Jakarta (ANTARA News) - Wakil Ketua DPR RI Fahri Hamzah meminta pemerintah tidak mendatangkan pekerja kasar atau kuli dari luar negeri untuk peluang kerja di dalam negeri.

Fahri kepada pers di Jakarta, Senin, menyayangkan Kementerian Tenaga Kerja yang mengizinkan pekerja kasar dari luar negeri terutama dari Tiongkok untuk bekerja di Indonesia.

Ia pun mempertanyakan sikap Menaker Hanif Dhakiri karena di saat jumlah pengangguran dan PHK meningkat di Indonesia karena perekomomian yang tidak menentu, namun justru dibuka peluang kerja kasar dari luar negeri.

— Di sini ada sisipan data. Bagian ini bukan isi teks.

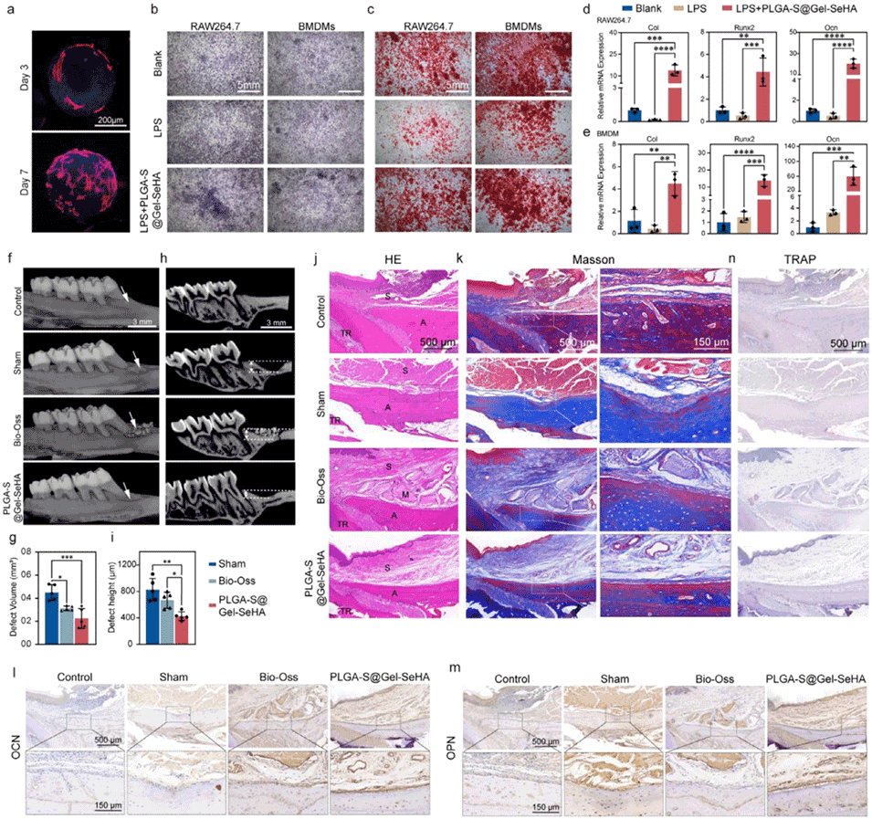 3、Gel-SeHA提供优异的生物矿化活性和成骨诱导能力。负载的STL1267可被持续释放,减轻LPS刺激下炎症细胞因子的剧烈波动,使IL-6、TNF-α和IL-1β等关键因子的表达峰值降低超过30%,并恢复其正常节律性表达,同时促进巨噬细胞向促修复的M2表型极化。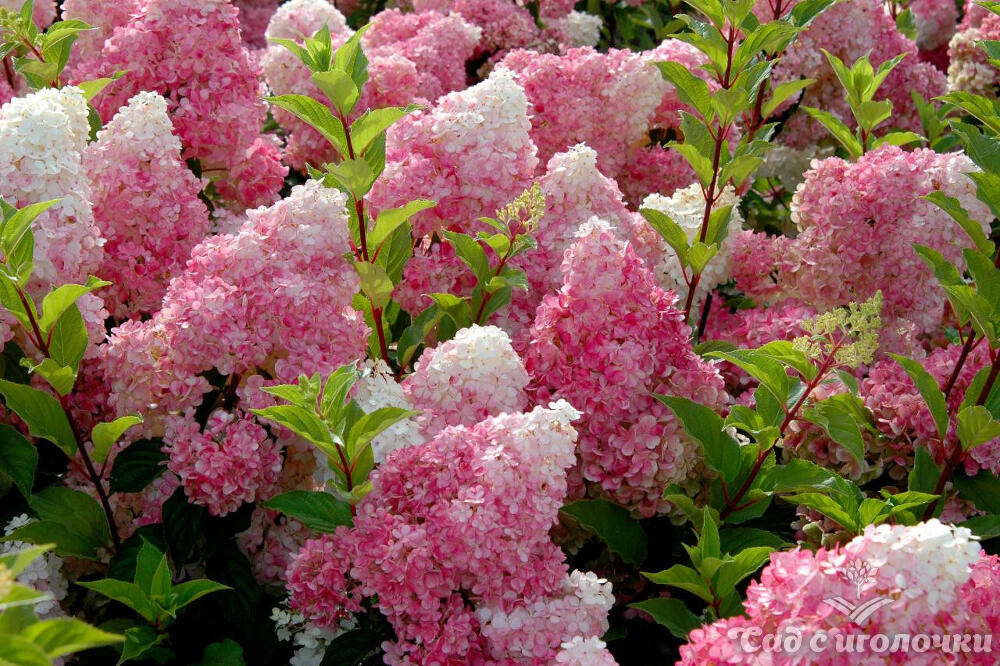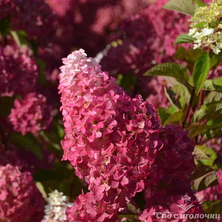 Этот сорт не останется незамеченным в вашем саду: высокий (до 2 м) куст покрыт огромными пирамидальными соцветиями от 30 до 55 см в длину. Цветки сначала белые, позже приобретают малиновый оттенок. Одна из самых красных горензий!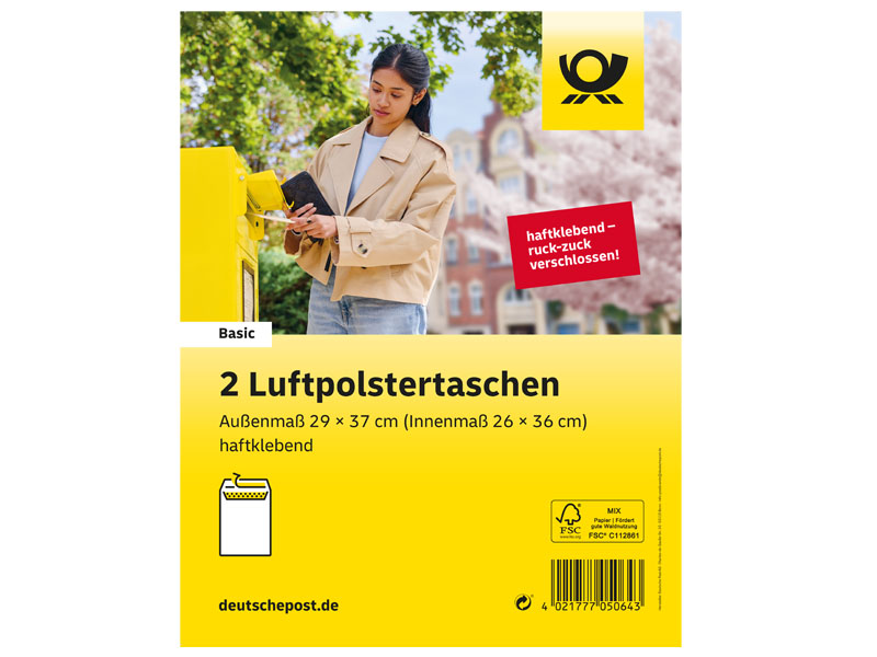 Luftpolstertaschen schützen Ihre Sendung vor Druck und Stößen. Faltentaschen sind für den Versand ganzer Aktenordner geeignet. Zur Familie der Versandtaschen gehören außerdem Kuvertierumschläge für wichtige Korrespondenz sowie spezielle CD-Versandtaschen.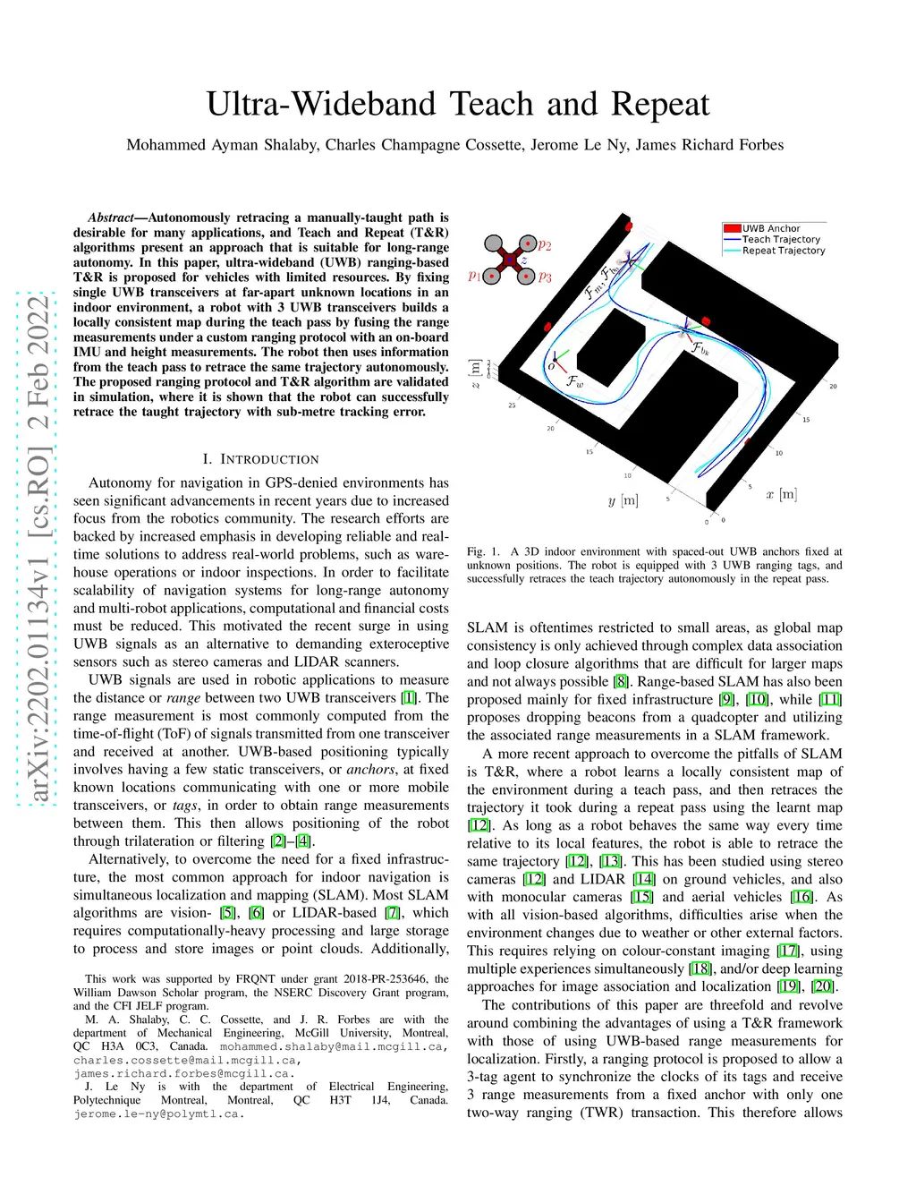 Autonomously retracing a manually-taught path is desirable for many applications, and Teach and Repeat (T&R) algorithms present an approach that is suitable for long-range autonomy. In this paper, ultra-wideband (UWB) ranging-based T&R is proposed for vehicles with limited resources. By fixing single UWB transceivers at far-apart unknown locations in an indoor environment, a robot with 3 UWB transceivers builds a locally consistent map during the teach pass by fusing the range measurements under a custom ranging protocol with an on-board IMU and height measurements. The robot then uses information from the teach pass to retrace the same trajectory autonomously. The proposed ranging protocol and T&R algorithm are validated in simulation, where it is shown that the robot can successfully retrace the taught trajectory with sub-metre tracking error.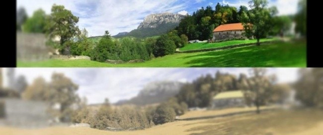 Как один и тот же пейзаж видят люди и кошки? Офтальмологи и ветеринары консультировали автора этих фотографий, Николая Ламма, и получилась серия снимков, на которых вверху – то, что видит человек, а внизу – возможности зрения кошек.Как выяснилось, зрение человека днем острее в 10 раз. Кошка не различает четко предметы на расстоянии более 6 метров. А вот ночью ее зрительные возможности лучше наших в 6-8 раз. Кроме того, кошачье поле зрения шире, чем у человека, на 20 градусов, поэтому кошка видит больше объектов по бокам, чем мы. На фотографиях Ламма верхнее изображение ограничено черными полосами, как и поле зрения человека.Вопреки распространенному заблуждению, что мир для кошек серый, кошки видят цвета, но не так, как человек.

"Kok bisa memudahkan pekerja kelas bawah dari asing masuk, semetara pengangguran di Indonesia tinggi. Saya dengar jumlahnya masif, dan itu tolong dilaporkan sama menaker secara resmi," katanya.

Fahri pun heran dengan msuknya tenaga kerja tanpa keahlian sementara di Indonesia sudah memiliki semuanya. "Apa ada hal yang orang Indonesia tidak bisa kerjakan ? Ini harus dijelaskan oleh menaker kenapa seperti ini dan buat sektor apa," kata Fahri.

Kementerian Tenaga Kerja (Kemenaker) diminta meninjau kembali keberadaan tenaga kerja asing (TKA) asal Tiongkok yang bekerja di pabrik semen di Kecamatan Bayah Kabupaten Lebak, Provinsi Banten, karena perilaku mereka jorok, yaitu buang air besar di sembarangan tempat.

"Kami berharap izin bekerja para TKA asal Tiongkok itu dicabut," kata Sarip, seorang tokoh masyarakat Kabupaten Lebak.

Ia mengatakan, semestinya para TKA tersebut bekerja di Indonesia dengan baik dan profesional sehingga dapat diterima masyarakat.

Kepala Bidang Pembinaan Tenaga Kerja pada Dinas Tenaga Kerja dan Sosial (Disnakersos) Kabupaten Lebak Edi Moedjarto mengatakan, saat ini jumlah warga Tiongkok yang bekerja di pabrik semen di Kecamatan Bayah tercatat 799 orang.

Pihaknya belum melakukan pengawasan untuk mengetahui izin usaha dan dokumen keimigrasian sebab sebelumnya mereka memiliki izin bekerja yang dikeluarkan oleh Kementerian Tenaga Kerja dan Kepolisian RI.

"Kami setahun lalu, TKA dari Tiongkok sebanyak 799 orang dipastikan mereka jalur resmi," katanya.

Ia menyatakan, pihaknya sejauh ini belum mengetahui secara pasti masa berlaku tinggalnya sudah habis sebab jika melebihi satu tahun maka harus diperpanjang atau dikembalikan ke negara asalnya.